Elfleda hesitated a moment longer and then, faintly smiling, handed the child to him and turned into the kitchen. Egelric watched her go, wondering briefly whether he was doing the right thing.
But Alred was quick to act and had already taken the little girl from his arms. “You need Theobald to stay and help you hold her?” he whispered.
Egelric shook his head. “No, go,” he said hoarsely.
At once, the three of them left with the baby. Elfleda heard the door slam behind them and shrieked, whereupon began the longest night of Egelric’s life.
Elfleda ran in from the kitchen, but he was waiting for her behind the door and grabbed her as she passed. He wrestled her, screaming, to the bedroom and threw her on the bed, where he thought she was least likely to hurt herself. He then lay down upon her and pinned her arms, and he held her there for hours as she screamed and moaned and spit and kicked and clawed and bit at him, until her voice was a ragged whisper and her lips were torn and bleeding.
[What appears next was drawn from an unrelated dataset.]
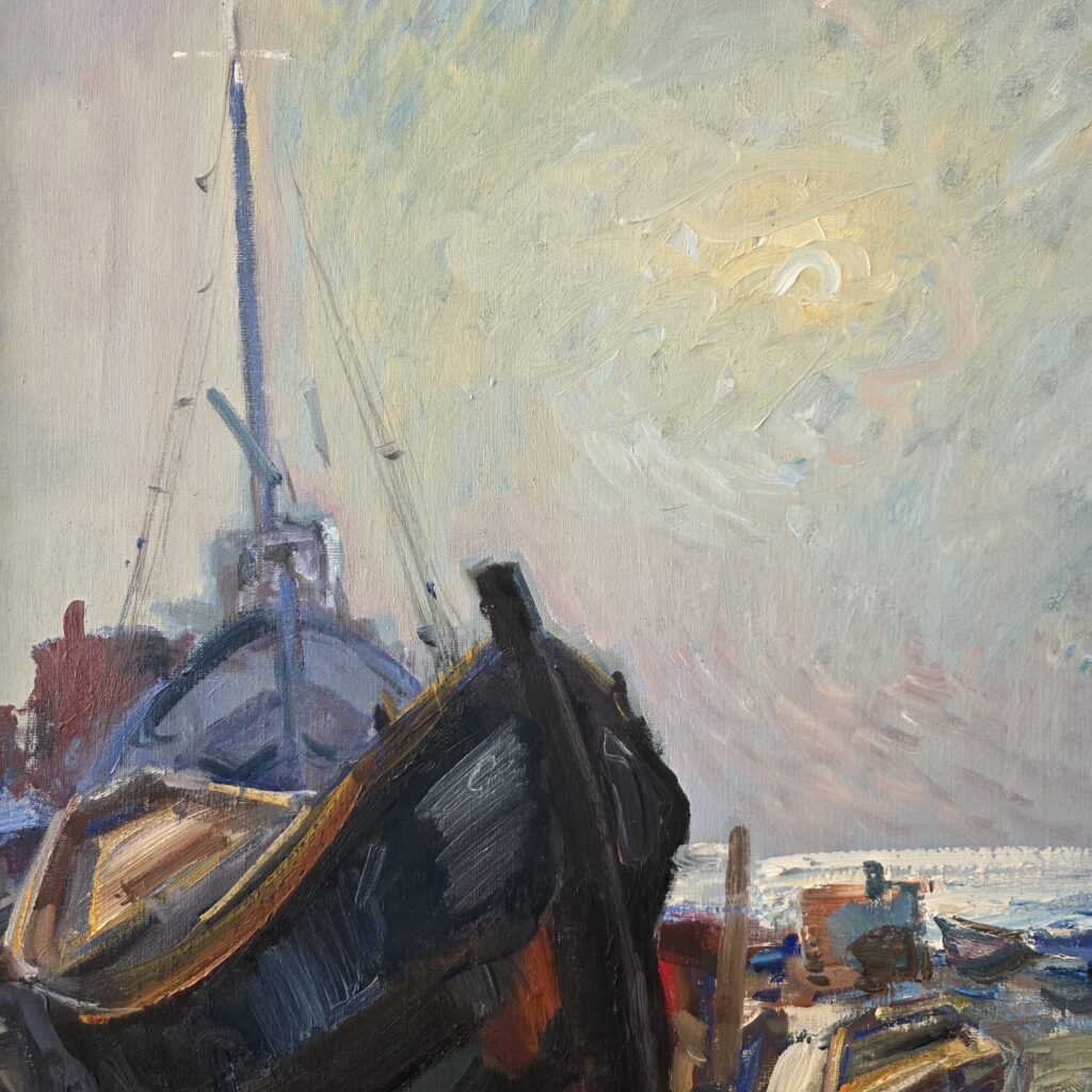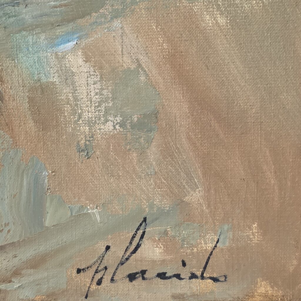Errico Placido (1909-1983).Barche in sosta.Cm.100 x 100 Misure: cm.100 x 100 senza cornice Misure: cm.103 x 103 con cornice Olio su tela Barche in sosta Firma in basso a destra Placido
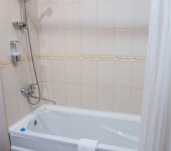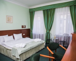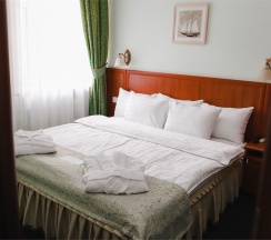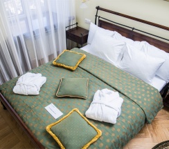 Двухкомнатный номер на третьем этаже гостиницы подойдет для длительного проживания или для семейного размещения. Номер оснащен кондиционером, двумя телевизорами с кабельным телевидением, телефонов с междугородней и международной связью. К услугам гостей также большая ванная комната, пушистый махровый халат и тапочки.

She lay panting for a while longer, her red eyes staring blankly up at the ceiling until at last they fell closed, and her body went limp. Still he held her, fearing she was pretending, then wondering whether she might not in fact be dead. He felt for her heartbeat and found it slow but steady.
He rolled off her and sat on the edge of the bed, his whole body shaking. All at once he jumped up, stumbled outside and vomited. Then he limped over to sit down on the step and held his head in his hands as he sobbed in exhaustion. He noticed he could still smell the smoke from the bonfires on his clothes, and the odor made him lean over and vomit again.
At last he sat quietly, spent and aching in all his limbs, and stared blankly at his trembling hands as the night sky paled into dawn. He had never hated himself more.